Karin geleng-geleng tidak habis pikir saat melihat Rea tertawa, menertawakan orang yang tengah terkena musibah. "Masalahnya, lo tahu nggak siapa orangtuanya? Lo, kan, pernah jalan sama Nata? Besar kemungkinan lo diceritain dong sama dia, siapa orang tuanya?"

Rea memiringkan kepalanya. "Ng...gak, tuh? Emangnya nggak ada yang tahu?"

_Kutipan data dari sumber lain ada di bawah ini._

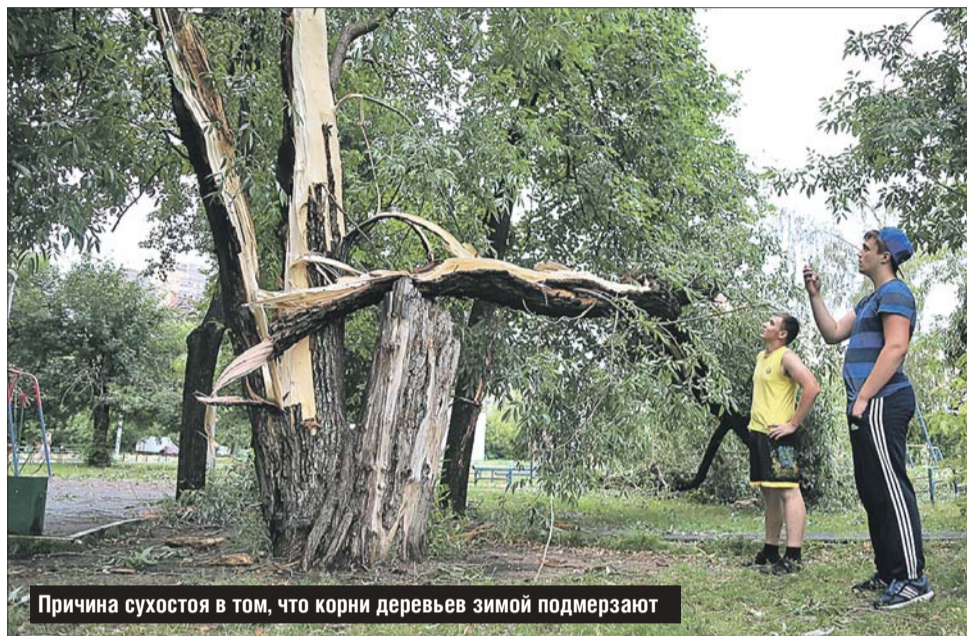
Причина сухостоя в том, что корни деревьев зимой подмерзают

За городом деревья каждую осень получают мощную подпитку: толстый слой опавших листьев превращается в перегной, в нём содержатся минеральные вещества, необходимые для роста растений, живут дождевые черви, которые рыхлят землю, насекомые, которые служат кормом для птиц. А из-под городских деревьев опавшие листья продолжают сгребать граблями. Кроме того, в лесу слой

Karin mengangguk-angguk dengan mulut penuh roti isi kacang, menelannya dulu, sebelum menjawab, "Kehidupan dia tuh misterius. Yang lain juga ngerasa gitu. Pas penerimaan raport nggak ada yang dateng ngambil raportnya. Atau kayaknya... dateng terlambat, mungkin... waktu para wali murid lain udah bubar? Seolah privasi banget siapa orangtuanya. Bener-bener nggak ada yang tahu," gelengnya heran. "Gue aja penasaran, apalagi yang lain?"